Yamamoto will surely…

“Well, anyway, I’m glad you seem to be doing well. And that we could meet again.”

“…Yeah.”

“Yes. Consulting with Akari-chan was the right choice, really.”

“…Eh?”

“You two have been close since the old days, right?…Megumi?”

When Akari’s name came up, a malicious feeling arose within me.

Had my mother been consulting with Akari about me?

At that time, was I asked by Yamamoto to return home?

…Isn’t the timing too good?

No, I don’t know.

As Yamamoto said earlier, he has been telling me to return home since the day we met. The timing is probably true.

…But.

I can’t help but remember.

Despite not wanting to, I can’t help but remember.

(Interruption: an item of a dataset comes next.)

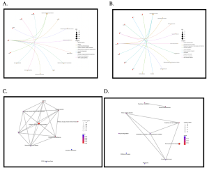 GO analysis showed that the statistically significant pathways of the CHD dataset were ‘positive regulation of endothelial cell apoptotic process’, ‘external side of plasma membrane’, and ‘beta-catenin binding’ (Figure 4A). A significant pathway found in the KEGG analysis was ‘cytokine-cytokine interaction (Figure 4C). In addition, statistically significant genes shown from KEGG analysis included PPP1R17, HSPB1, DCX2, CD40, and CD27 (Figure 3A). GO analysis showed that the statistically significant pathways of the GAD dataset were ‘RNA splicing, via transesterification reaction with bulged adenosine as nucleophile’, ‘spliceosomal complex’, and ‘enzyme inhibitor activity’ (Figure 4B). A significant pathway found in the KEGG analysis was ‘Nucleocytoplasmic transport’ (Figure 4D). In addition, statistically significant genes shown from KEGG analysis included ‘PLCL1’, ‘PEX7’, ‘KMT2C’, ‘ID02’, ‘ATP6V1E1’, ‘NMD3’, ‘NCBP2’, and ‘XPOT’ (Figure 3B). After researching each of the significant pathways and genes, ones that are connected directly to CHD or GAD are shown in the table below in Table 1.

…The fact that they used to be together…

…Could it be.

Could they have started dating again?

Their relationship, their conversation, makes it painfully clear. It’s painfully clear.

If they started dating again, I…

I would be in the way.

…Were they planning to send me home to get rid of me? Can I no longer stay in that house?

I know.

Yamamoto never said such a thing.

Whether Akari and Yamamoto were involved in this matter at all is entirely my speculation.

But.

…But.

I can’t help but think that way.

When did I become such… a jealous person?

In the end, I didn’t sleep at all that night.

Last night, I told my mother that I would return to Yamamoto’s room. But even at this time of day, I still haven’t told Yamamoto that I’ll be returning with him.

I was scared. Scared of being rejected.

Even though there was no proof that it would happen. I was so scared that I couldn’t bring myself to say it.

…Yamamoto started preparing to return home about thirty minutes ago. He ate lunch, had a lively chat with my mother, and even asked her to drive him to the station. After that, he started preparing leisurely.

Time was running out.

But I couldn’t bring myself to say it.

I was scared.

I was scared of what I might hear. I was scared of being rejected. I was scared of losing my place beside Yamamoto. I was scared of everything.

But even though I was scared, time didn’t stop.

“Ah, I think I’ve got everything,” Yamamoto said, putting his bag on his shoulder. “I had a really good time. Thank you for everything, auntie.”

“Come again any time,” my mother said with a smile. “Next time, bring Megumi along, okay?”

“Of course.”

Yamamoto turned to look at me. His eyes were so clear and innocent, they made me feel even more guilty.

“…Megumi. I’ll be going first. Take care of yourself, okay?”

His voice was gentle, but it was like a stab to my chest. I looked at him, my eyes wide, unable to say anything.

“Wait,” I finally blurted out, surprising even myself. “Wait. I… I want to… go with you…”

Yamamoto looked taken aback, blinking at me in surprise. But then, his expression softened into a kind smile.

“Of course. Let’s go home together.”

His words felt like a warm hug, calming my anxious heart. With a relieved smile, I stood up, ready to head back home with Yamamoto. Despite my earlier fears and doubts, I knew this was where I belonged. With him.

However, my fear and doubts about Yamamoto and Akari didn’t completely disappear. But for now, I decided to trust Yamamoto. After all, he was the one who had always been there for me, always supporting me.

And so, we left my parents’ house, hand in hand, ready to face whatever may come our way.